*Supplied records*.
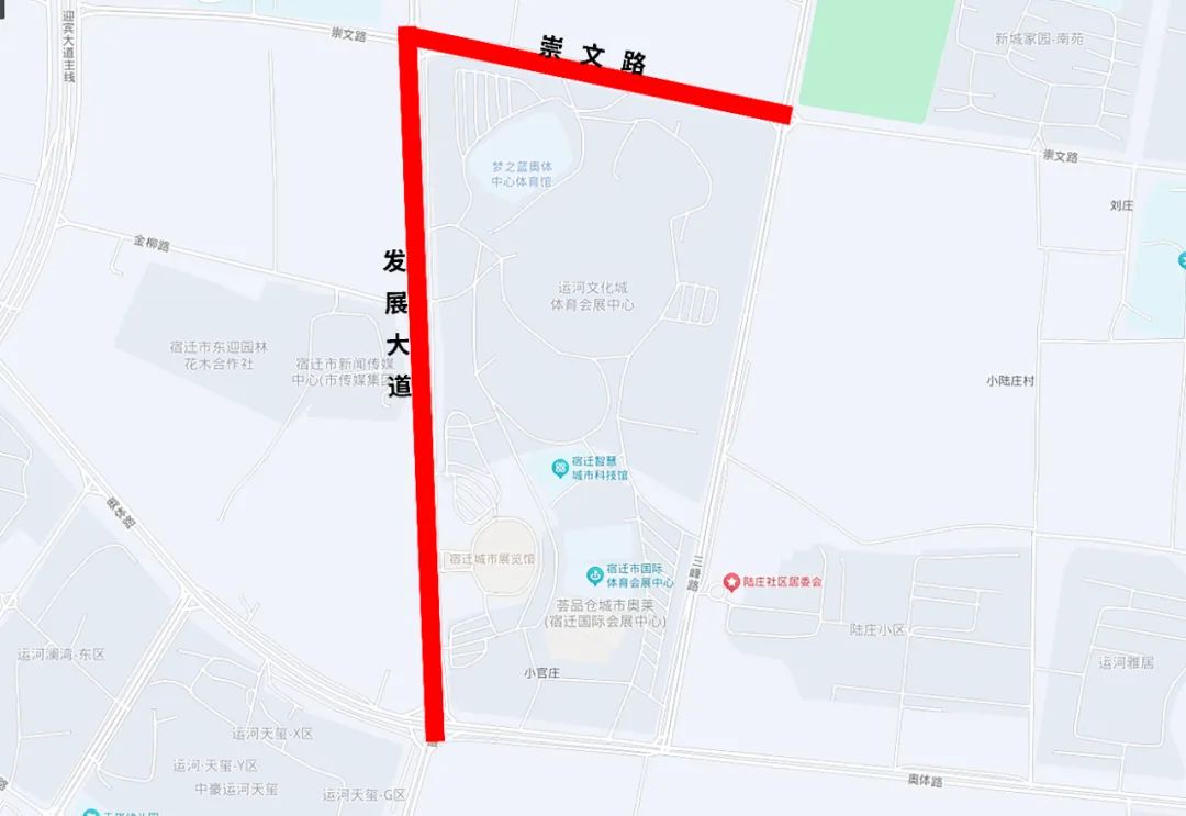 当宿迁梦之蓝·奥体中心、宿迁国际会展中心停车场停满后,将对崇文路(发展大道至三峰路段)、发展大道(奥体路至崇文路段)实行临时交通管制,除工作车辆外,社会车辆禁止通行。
--
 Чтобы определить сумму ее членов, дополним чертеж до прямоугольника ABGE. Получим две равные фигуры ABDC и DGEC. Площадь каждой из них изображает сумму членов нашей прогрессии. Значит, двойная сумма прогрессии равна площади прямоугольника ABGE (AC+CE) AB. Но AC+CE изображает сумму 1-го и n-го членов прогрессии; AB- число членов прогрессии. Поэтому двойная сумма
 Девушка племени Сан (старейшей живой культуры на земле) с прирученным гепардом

*Task to complete*. The entries above hold a line with "Чтобы определить сумму" and a later line with "Девушка племени Сан". Write out exactly those lines and all lines between, nothing more.

*Reply to the task*.
 Чтобы определить сумму ее членов, дополним чертеж до прямоугольника ABGE. Получим две равные фигуры ABDC и DGEC. Площадь каждой из них изображает сумму членов нашей прогрессии. Значит, двойная сумма прогрессии равна площади прямоугольника ABGE (AC+CE) AB. Но AC+CE изображает сумму 1-го и n-го членов прогрессии; AB- число членов прогрессии. Поэтому двойная сумма
 Девушка племени Сан (старейшей живой культуры на земле) с прирученным гепардом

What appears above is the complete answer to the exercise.